• _Dataset records_
[Start of Attachment]

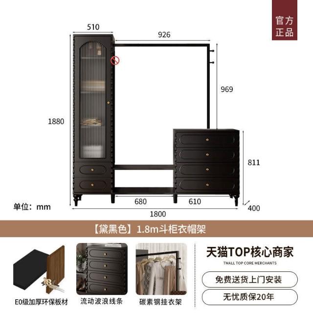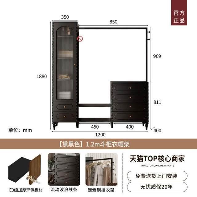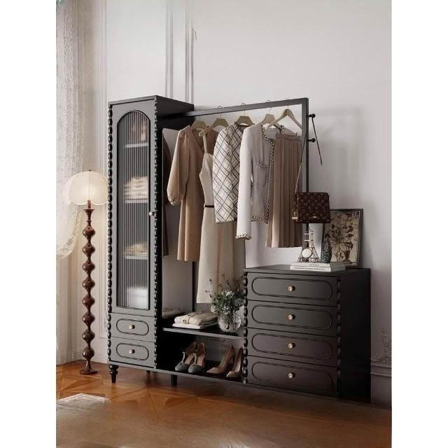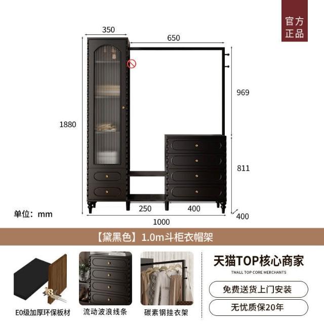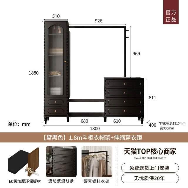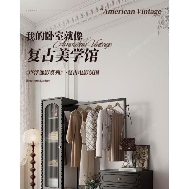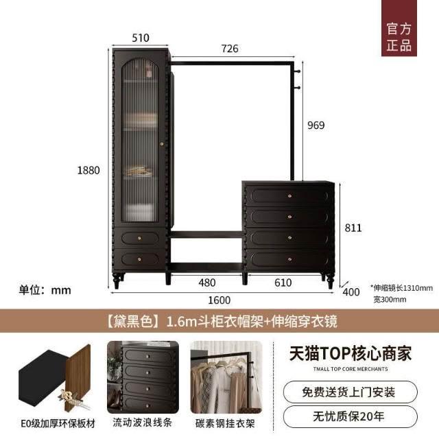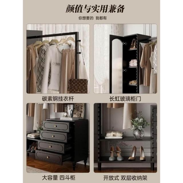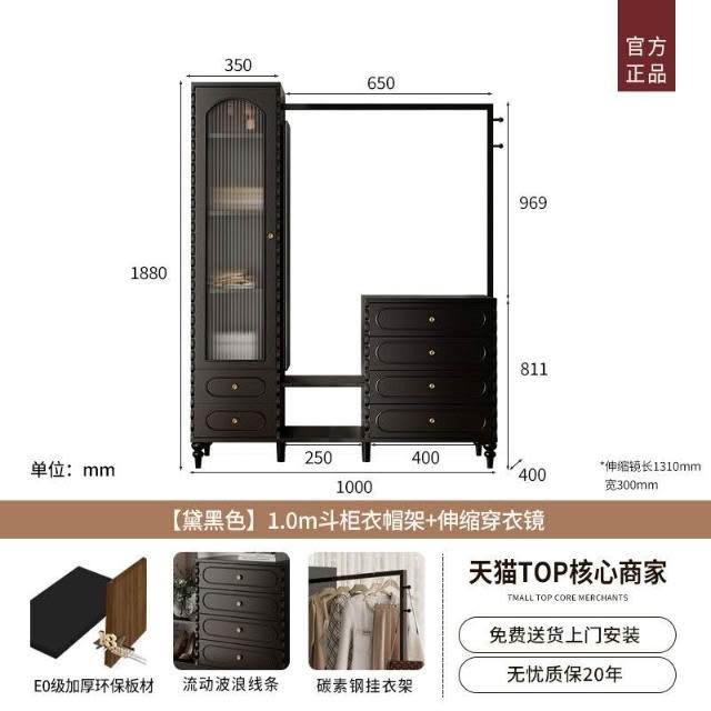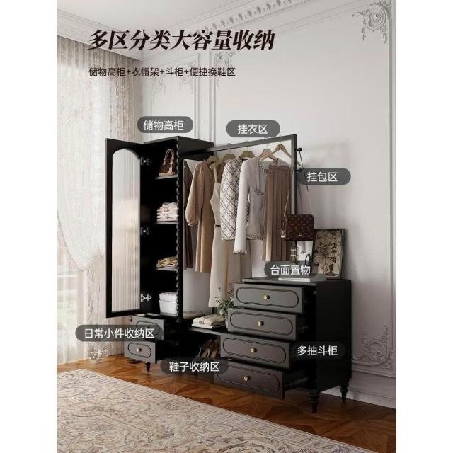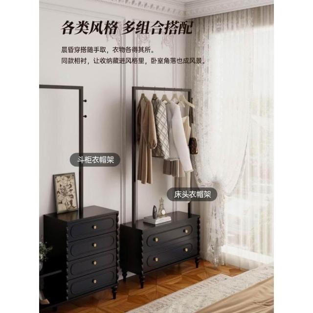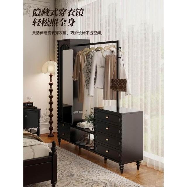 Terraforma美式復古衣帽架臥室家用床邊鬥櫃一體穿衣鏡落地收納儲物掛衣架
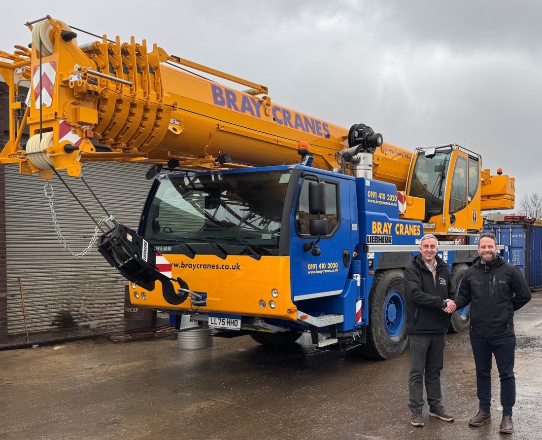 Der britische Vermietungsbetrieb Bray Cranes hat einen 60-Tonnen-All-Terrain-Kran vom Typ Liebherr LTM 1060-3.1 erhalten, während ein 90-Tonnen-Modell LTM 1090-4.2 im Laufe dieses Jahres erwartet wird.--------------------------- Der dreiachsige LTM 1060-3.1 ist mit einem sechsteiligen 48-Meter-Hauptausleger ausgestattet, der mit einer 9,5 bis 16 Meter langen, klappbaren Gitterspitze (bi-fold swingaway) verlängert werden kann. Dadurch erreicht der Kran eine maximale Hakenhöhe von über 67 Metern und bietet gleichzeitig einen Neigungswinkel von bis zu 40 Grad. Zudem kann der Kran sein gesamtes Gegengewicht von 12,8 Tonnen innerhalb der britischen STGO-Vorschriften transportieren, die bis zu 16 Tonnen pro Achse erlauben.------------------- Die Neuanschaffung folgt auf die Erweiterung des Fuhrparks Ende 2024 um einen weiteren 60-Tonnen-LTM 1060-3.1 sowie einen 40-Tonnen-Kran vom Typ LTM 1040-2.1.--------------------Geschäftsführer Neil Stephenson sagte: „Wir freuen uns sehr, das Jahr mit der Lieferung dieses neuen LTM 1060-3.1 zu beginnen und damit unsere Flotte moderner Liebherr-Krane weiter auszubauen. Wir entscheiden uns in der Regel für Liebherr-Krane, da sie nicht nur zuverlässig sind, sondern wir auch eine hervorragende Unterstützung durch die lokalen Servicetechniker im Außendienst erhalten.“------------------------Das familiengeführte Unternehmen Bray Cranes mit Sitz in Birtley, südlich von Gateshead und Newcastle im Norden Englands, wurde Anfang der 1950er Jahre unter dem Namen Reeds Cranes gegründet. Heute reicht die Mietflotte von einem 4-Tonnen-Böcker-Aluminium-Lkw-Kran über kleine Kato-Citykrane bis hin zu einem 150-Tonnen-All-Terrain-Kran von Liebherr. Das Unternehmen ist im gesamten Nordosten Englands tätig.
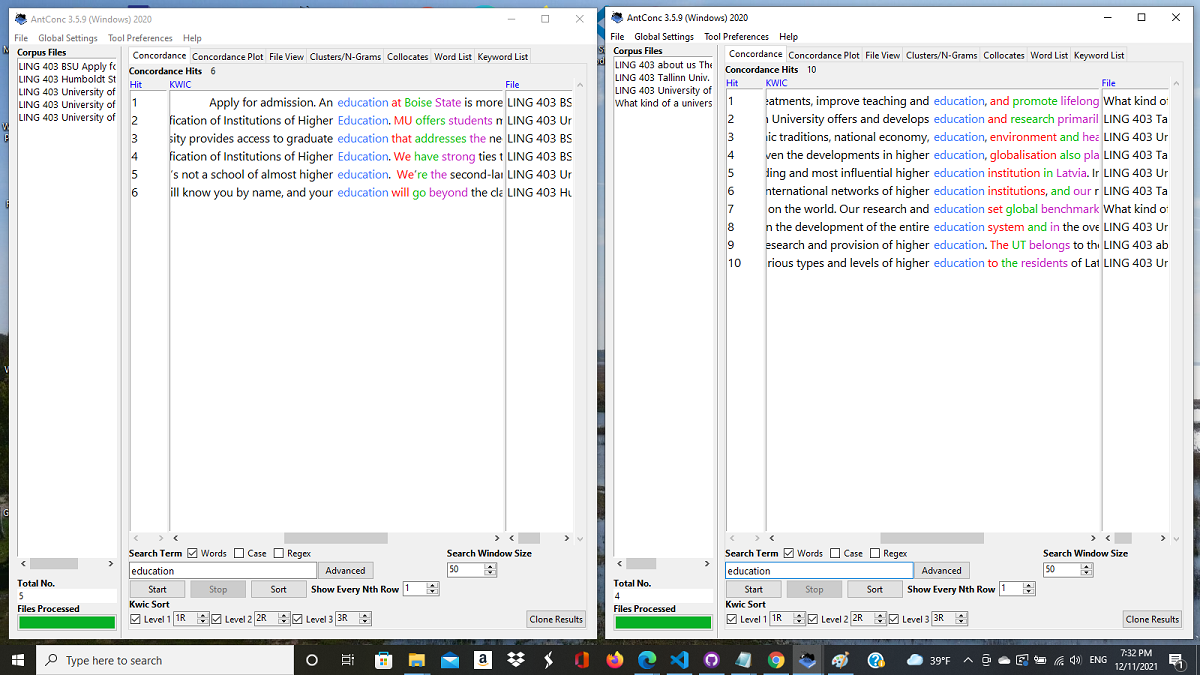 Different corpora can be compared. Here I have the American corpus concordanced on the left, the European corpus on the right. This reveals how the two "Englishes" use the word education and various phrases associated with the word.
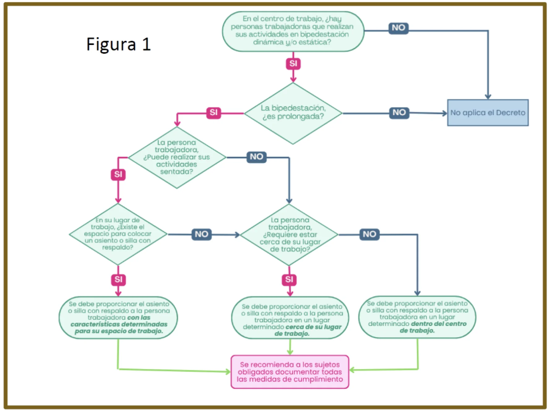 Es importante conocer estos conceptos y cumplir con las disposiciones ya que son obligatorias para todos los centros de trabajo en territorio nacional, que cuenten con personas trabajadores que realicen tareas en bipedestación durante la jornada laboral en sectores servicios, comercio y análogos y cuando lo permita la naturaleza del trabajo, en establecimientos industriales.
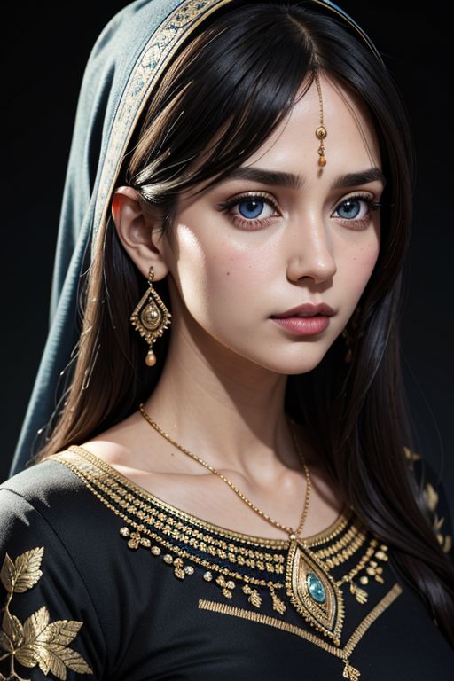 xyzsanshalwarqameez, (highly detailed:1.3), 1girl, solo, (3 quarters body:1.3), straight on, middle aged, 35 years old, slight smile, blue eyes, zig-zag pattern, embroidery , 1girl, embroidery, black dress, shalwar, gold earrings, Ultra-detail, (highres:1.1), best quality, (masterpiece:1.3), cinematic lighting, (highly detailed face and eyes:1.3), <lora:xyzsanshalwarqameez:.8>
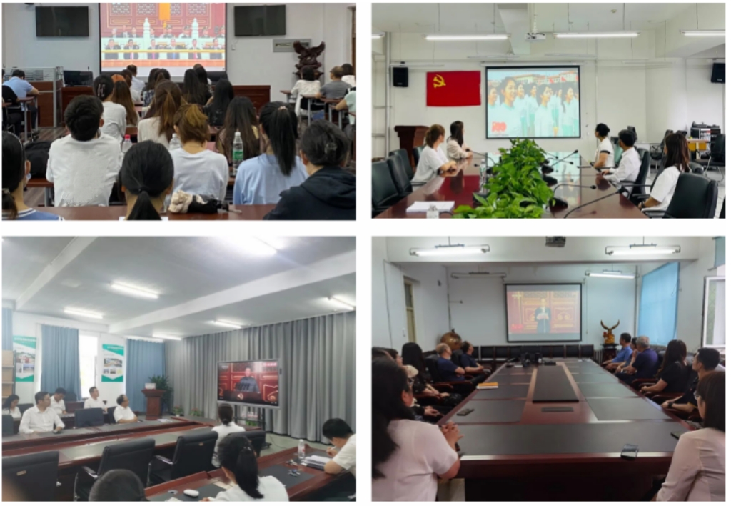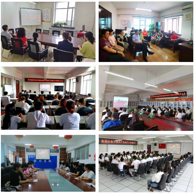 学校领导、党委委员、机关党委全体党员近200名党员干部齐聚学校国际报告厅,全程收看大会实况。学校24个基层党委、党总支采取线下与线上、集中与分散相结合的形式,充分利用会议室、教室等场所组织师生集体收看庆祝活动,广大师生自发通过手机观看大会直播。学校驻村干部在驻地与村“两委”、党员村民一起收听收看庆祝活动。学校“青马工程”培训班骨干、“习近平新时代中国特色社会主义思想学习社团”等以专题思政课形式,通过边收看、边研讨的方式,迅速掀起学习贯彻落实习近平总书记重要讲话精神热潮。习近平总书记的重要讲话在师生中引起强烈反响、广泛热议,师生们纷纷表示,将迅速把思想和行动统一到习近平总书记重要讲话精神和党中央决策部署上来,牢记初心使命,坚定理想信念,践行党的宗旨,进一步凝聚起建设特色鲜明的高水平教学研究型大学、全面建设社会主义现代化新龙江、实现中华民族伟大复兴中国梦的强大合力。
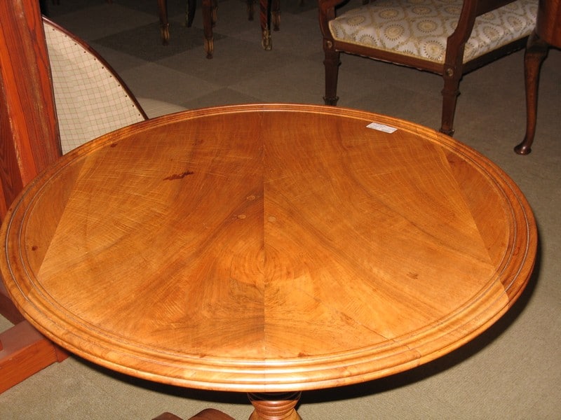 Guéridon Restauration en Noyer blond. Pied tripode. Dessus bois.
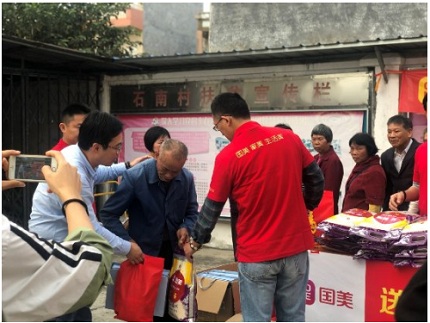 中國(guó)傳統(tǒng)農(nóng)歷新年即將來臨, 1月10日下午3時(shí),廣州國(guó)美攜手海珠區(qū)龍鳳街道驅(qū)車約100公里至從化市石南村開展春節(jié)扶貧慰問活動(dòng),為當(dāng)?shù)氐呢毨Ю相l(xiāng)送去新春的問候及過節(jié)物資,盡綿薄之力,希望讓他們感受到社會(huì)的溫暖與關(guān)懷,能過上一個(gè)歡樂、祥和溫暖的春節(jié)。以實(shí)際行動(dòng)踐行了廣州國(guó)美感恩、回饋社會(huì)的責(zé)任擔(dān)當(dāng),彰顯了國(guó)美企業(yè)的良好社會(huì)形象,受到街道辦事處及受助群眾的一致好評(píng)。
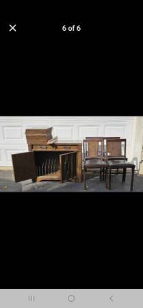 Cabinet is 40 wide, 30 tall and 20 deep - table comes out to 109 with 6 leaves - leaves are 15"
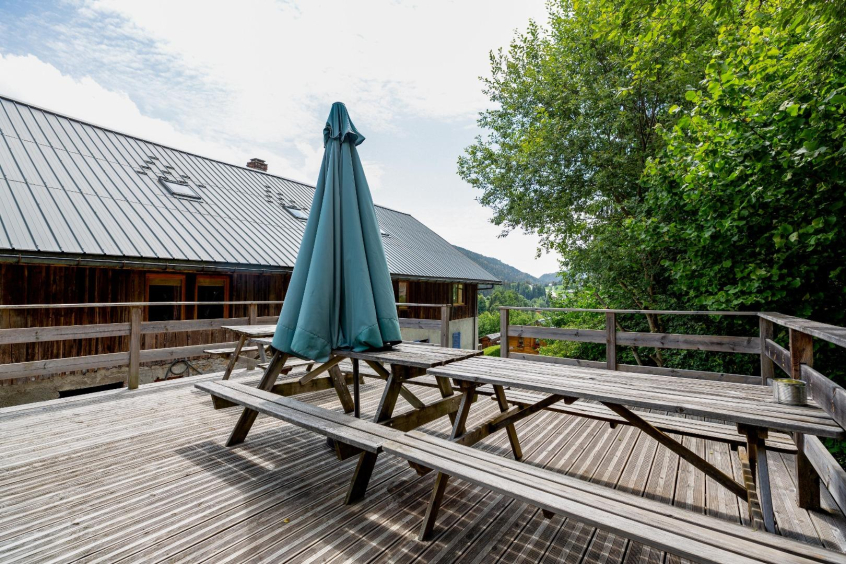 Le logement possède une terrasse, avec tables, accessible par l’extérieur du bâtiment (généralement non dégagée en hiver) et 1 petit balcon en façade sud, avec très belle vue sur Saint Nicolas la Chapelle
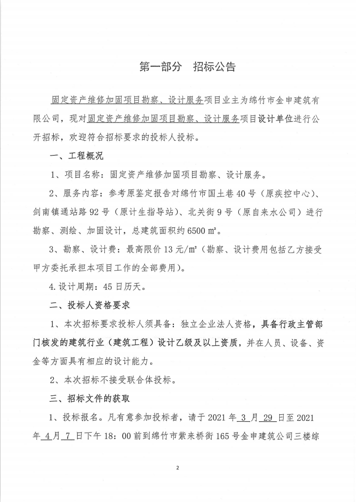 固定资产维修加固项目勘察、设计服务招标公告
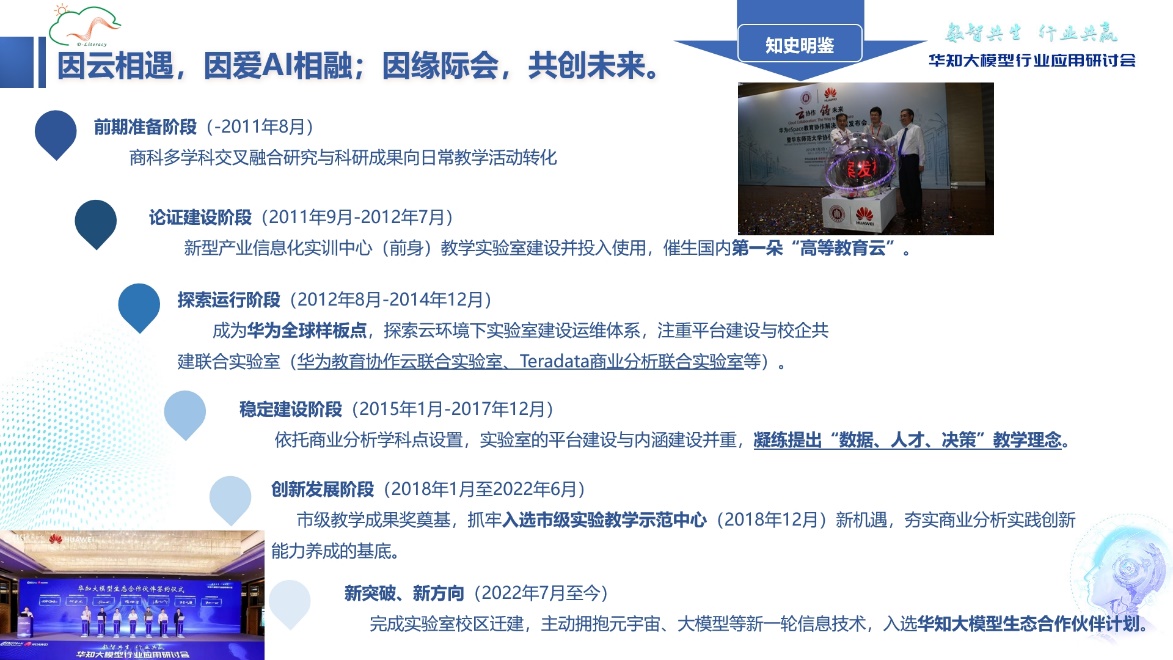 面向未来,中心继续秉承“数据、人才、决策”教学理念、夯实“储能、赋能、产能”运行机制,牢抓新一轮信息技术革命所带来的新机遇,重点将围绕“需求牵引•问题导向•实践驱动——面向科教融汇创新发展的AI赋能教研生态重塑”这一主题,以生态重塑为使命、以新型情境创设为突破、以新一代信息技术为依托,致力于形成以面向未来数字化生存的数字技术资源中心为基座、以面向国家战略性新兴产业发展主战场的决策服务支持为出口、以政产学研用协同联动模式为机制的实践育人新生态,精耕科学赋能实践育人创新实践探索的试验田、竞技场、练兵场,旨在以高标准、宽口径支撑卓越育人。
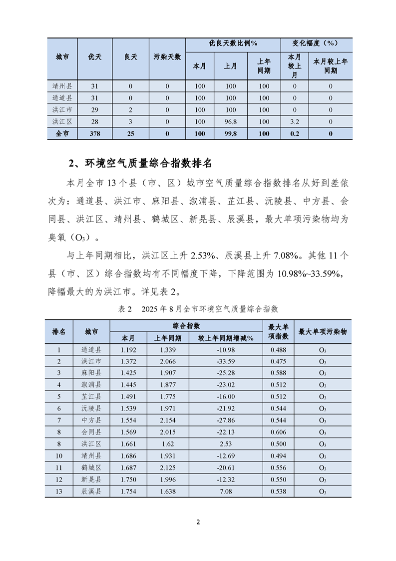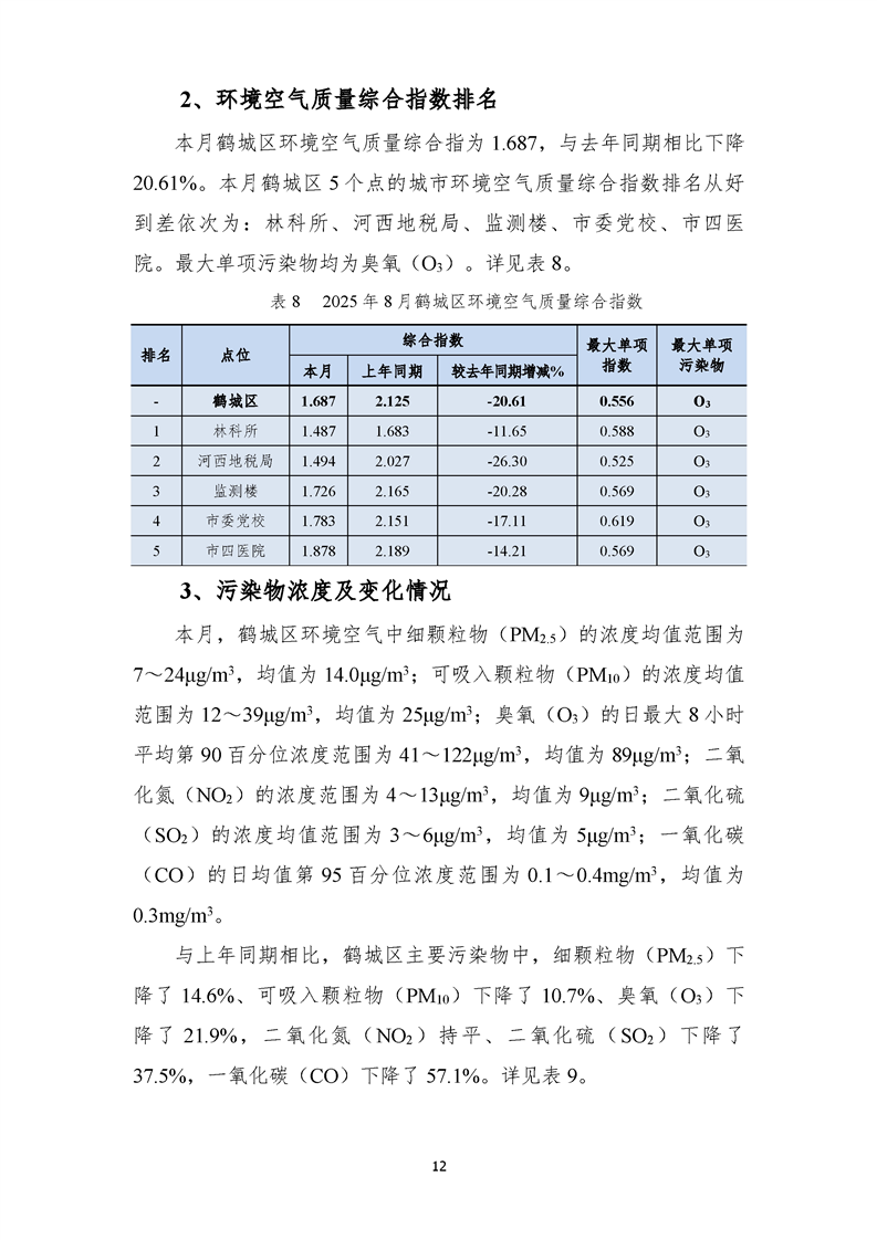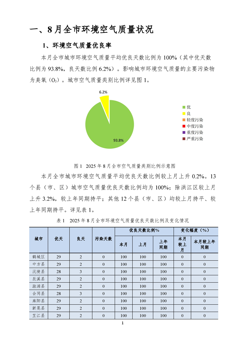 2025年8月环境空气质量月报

[End of Attachment]

• _REQUIRED ACTION_
Pictures in the entries do not go into the copy. Print only the lines starting at the one containing "xyzsanshalwarqameez, (highly detailed:1.3), 1girl, solo, (3" and ending at the one containing "Le logement possède", exactly as they appear.

• _EXPECTED ANSWER_
 xyzsanshalwarqameez, (highly detailed:1.3), 1girl, solo, (3 quarters body:1.3), straight on, middle aged, 35 years old, slight smile, blue eyes, zig-zag pattern, embroidery , 1girl, embroidery, black dress, shalwar, gold earrings, Ultra-detail, (highres:1.1), best quality, (masterpiece:1.3), cinematic lighting, (highly detailed face and eyes:1.3), <lora:xyzsanshalwarqameez:.8>
 学校领导、党委委员、机关党委全体党员近200名党员干部齐聚学校国际报告厅,全程收看大会实况。学校24个基层党委、党总支采取线下与线上、集中与分散相结合的形式,充分利用会议室、教室等场所组织师生集体收看庆祝活动,广大师生自发通过手机观看大会直播。学校驻村干部在驻地与村“两委”、党员村民一起收听收看庆祝活动。学校“青马工程”培训班骨干、“习近平新时代中国特色社会主义思想学习社团”等以专题思政课形式,通过边收看、边研讨的方式,迅速掀起学习贯彻落实习近平总书记重要讲话精神热潮。习近平总书记的重要讲话在师生中引起强烈反响、广泛热议,师生们纷纷表示,将迅速把思想和行动统一到习近平总书记重要讲话精神和党中央决策部署上来,牢记初心使命,坚定理想信念,践行党的宗旨,进一步凝聚起建设特色鲜明的高水平教学研究型大学、全面建设社会主义现代化新龙江、实现中华民族伟大复兴中国梦的强大合力。
 Guéridon Restauration en Noyer blond. Pied tripode. Dessus bois.
 中國(guó)傳統(tǒng)農(nóng)歷新年即將來臨, 1月10日下午3時(shí),廣州國(guó)美攜手海珠區(qū)龍鳳街道驅(qū)車約100公里至從化市石南村開展春節(jié)扶貧慰問活動(dòng),為當(dāng)?shù)氐呢毨Ю相l(xiāng)送去新春的問候及過節(jié)物資,盡綿薄之力,希望讓他們感受到社會(huì)的溫暖與關(guān)懷,能過上一個(gè)歡樂、祥和溫暖的春節(jié)。以實(shí)際行動(dòng)踐行了廣州國(guó)美感恩、回饋社會(huì)的責(zé)任擔(dān)當(dāng),彰顯了國(guó)美企業(yè)的良好社會(huì)形象,受到街道辦事處及受助群眾的一致好評(píng)。
 Cabinet is 40 wide, 30 tall and 20 deep - table comes out to 109 with 6 leaves - leaves are 15"
 Le logement possède une terrasse, avec tables, accessible par l’extérieur du bâtiment (généralement non dégagée en hiver) et 1 petit balcon en façade sud, avec très belle vue sur Saint Nicolas la Chapelle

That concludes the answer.